Interpretive Summary: Deformed wing virus is the most important honey bee virus worldwide, and is a major factor in honey bee declines. It is essential to understand how this virus interacts with its bee host and how these interactions. Here we describe a virus expression system for DWV using a recently designed infectious cDNA clone of genomic RNA of this virus. We use it to show how this virus moves within honey bee cells and to show that this technique can be used to show how viruses attack bees and how the bee immune system responds. These viruses could possibly also be used to deliver medicines or other defenses to honey bees. The results have importance for researchers of bee viruses and possibly longterm benefits for treating bee disease.

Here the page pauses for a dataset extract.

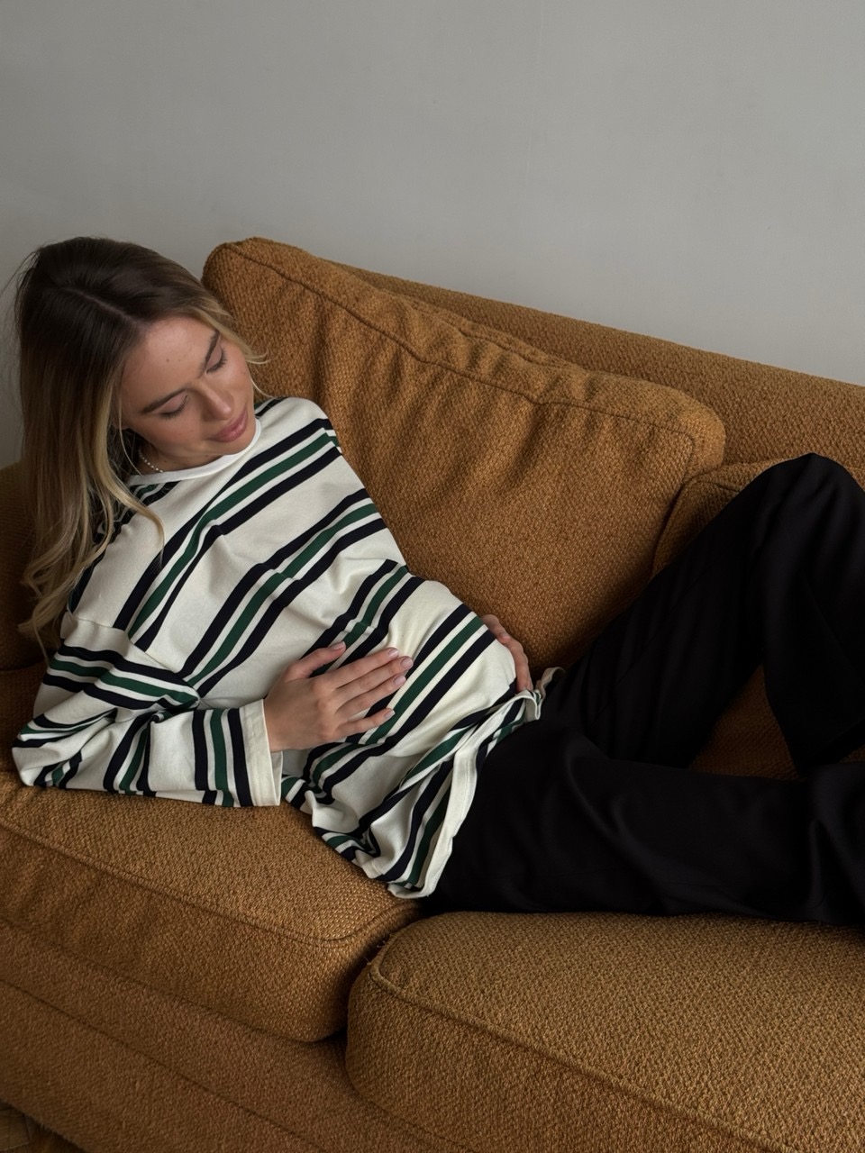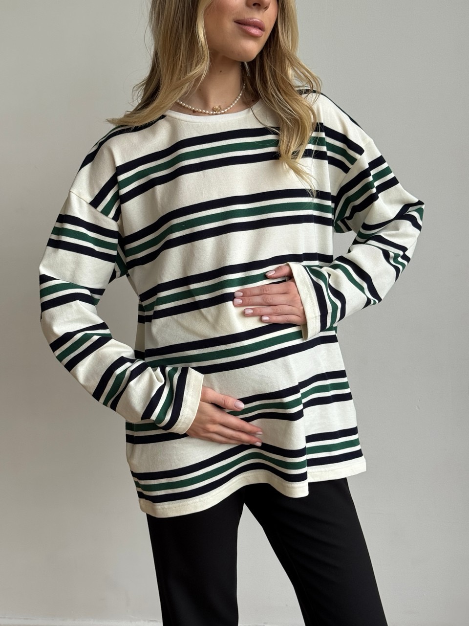 Мы создали лонгслив, который вы сможете носить несколько лет: в беременность, после родов кормя малыша грудью и даже после завершения ГВ. Базовый лонгслив в полоску из хлопкового, фактурного трикотажа пике станет частью ваших стильных беременных образов, а после родов вы сможете оценить, как удобно в нем кормить малыша грудью. Мы спрятали две незаметные молнии в боковых швах - перенесите шов в область груди и не поднимая лонгслива покормите малыша грудью. Завершив грудное вскармливание вы сможете и дальше носить любимую вещь, ведь секреты для кормления в ней совсем незаметны.

Technical Abstract: We developed a honey bee RNA-virus vector based on the genome of a picorna-like Deformed wing virus (DWV), the main viral pathogen of the honey bee (Apis mellifera). To test the potential of DWV to be utilized as a vector, the 717 nt sequence coding for the enhanced green fluorescent protein (eGFP), flanked by the peptides targeted by viral protease, was inserted into an infectious cDNA clone of DWV in-frame between the leader protein and the virus structural protein VP2 genes. The in vitro RNA transcripts from egfp-tagged DWV cDNA clones were infectious when injected into honey bee pupae. Stable DWV particles containing genomic RNA of the recovered DWV with egfp inserts were produced, as evidenced by cesium chloride density gradient centrifugation. These particles were infectious to honey bee pupae when injected intra-abdominally. Fluorescent microscopy showed GFP expression in the infected cells and Western blot analysis demonstrated accumulation of free eGFP rather than its fusions with DWV leader protein (LP) and/or viral protein (VP) 2. Analysis of the progeny egfp-tagged DWV showed gradual accumulation of genome deletions for egfp, providing estimates for the rate of loss of a non-essential gene an insect RNA virus genome during natural infection.